Professor Brown said the review committee, which drew up its own terms of reference, decided to advise Imperial on how it could attain a “leadership position” regarding the welfare and the replacement, refinement and reduction of animals in research (known as the three Rs) “commensurate with its status as world-leading university”.

He said the investigation had not found a “culture where people didn’t care” about animal welfare and commended Imperial’s animal facilities and standards of animal husbandry.
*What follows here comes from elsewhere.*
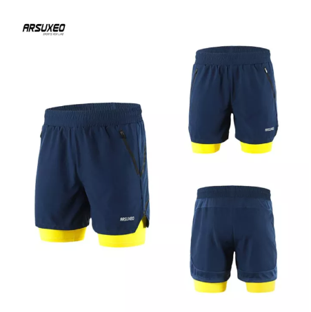 กางเกงออกกำลังกายขาสั้น วิ่ง/ฟิตเนส 2IN1 Doubel Layer มีซับด้านในและกระเป๋าซิปด้านข้าง Brand : Arsuxeo ขนาดสินค้า (Asia size) : M / L / XL / 2XL / 3XL สีของสินค้า : ดำ / น้ำเงินเหลือง / เทา เหมาะสำหรับ : สวมใส่ออกกำลังกายทุกประเภท เช่น ฟิตเนส วิ่ง มาราธอน โยคะ ยิม บาสเกตบอล แบดมินตัน ปั่นจักรยาน และอื่นๆ ฯลฯ คุณสมบัติพิเศษ Quick Dry / Breathable ผลิตจากวัสดุคุณภาพดี โดยโรงงานที่ได้มาตรฐาน คุณภาพส่งออกยุโรป มีช่องกระเป๋าซิปด้านข้าง 2ข้าง (ซ้าย/ขวา) 2IN1 Doubel Layer มีซับด้านในกางเกง เพื่อความคล่องตัวในการออกกำลังกาย รอบเอวยางยืดมีเชือกผูก เพิ่มความกระชับ มั่นใจทุกทุกท่วงท่าทำให้เคลื่อนไหวได้อย่างมีประสิทธิภาพสูงสุด สวมใส่สบายแห้งไว Dri Fit ช่วยดูดซับเหงื่อและแห้งเร็ว เนื้อผ้านุ่มลื่น ลดแรงเสียดทานของต้นขา มีแถบสะท้อนแสง / Reflective Logo เพื่อความปลอดภัยในยามค่ำคืน เนื้อผ้า : 95%Polyester 5%Spandex ขนาดของสินค้า ก่อน-หลังยืด (ส่วนสูง/นน.โดยประมาณของผู้สวมใส่) M รอบเอว 28"-34” / ความยาว : ด้านนอก14.5” ซับด้านใน18” (เหมาะกับความสูง/น้ำหนัก 150-165CM / 45-65KG) L รอบเอว 30"-36” / ความยาว : ด้านนอก15” ซับด้านใน18” (เหมาะกับความสูง/น้ำหนัก 165-175CM / 65-75KG) XL รอบเอว 32"-38” / ความยาว : ด้านนอก15.5” ซับด้านใน18” (เหมาะกับความสูง/น้ำหนัก 170-180CM / 70-80KG) 2XL รอบเอว 34"-40” / ความยาว : ด้านนอก16” ซับด้านใน18" (เหมาะกับความสูง/น้ำหนัก 175-185CM / 75-85KG) 3XL รอบเอว 36"-42” / ความยาว : ด้านนอก16” ซับด้านใน18” (เหมาะกับความสูง/น้ำหนัก 180-190CM / 85-95KG) (**อาจจะมีการคลาดเคลื่อนเล็กน้อยจากการวัด) **ผู้ที่สวมใส่ไซส์ S หากต้องการสวมใส่เลือก M ได้เช่นกันค่ะ มีเชือกผูกที่เอว ขอบยางยืดกระชับ** แพ็คเกจรวม : 1x กางเกงขาสั้นออกกำลังกาย

But the institution “didn’t have adequate operational leadership, management, training, supervisory and ethical review systems” to “really fulfil” the animal house staff’s aspirations to “push forward animal welfare and, in particular, the 3Rs to the highest standards”.

The report, which includes 33 recommendations, found that Imperial’s ethical review processes did not provide a forum to bring scientists together with animal house staff, technicians and statisticians to discuss improvements.

It found that the animal house’s reliance on agency staff minimised contact between scientists and permanent staff with what review committee member Neil Yates, director of the biosupport unit at the University of Nottingham, called the “quality and expertise” to “truly engage with [them] as equals”.

Although the review panel only had the time and remit to investigate Imperial, Professor Brown said it had set out standards to which all institutions should be aspiring, since failure to live up to them increased the risk of unnecessary animal suffering.

“A lot of recommendations will have resonance across the country - though whether they should be enshrined under the Animals Act is [something] for a further discussion - [which] should happen,” he added.

In a statement Imperial says it has accepted all of the recommendations, which also include appointing a senior staff member to oversee animal welfare strategy. It will draw up an “action plan” by next month, “invest in staffing and leadership” and publish an annual report on its animal research. 

Tony Peatfield, director of corporate affairs at the MRC, said the research council would be considering “whether there are any lessons for the animal facilities for which the MRC is responsible”.

A Home Office investigation into the BUAV’s specific allegations is expected to be concluded early in the new year.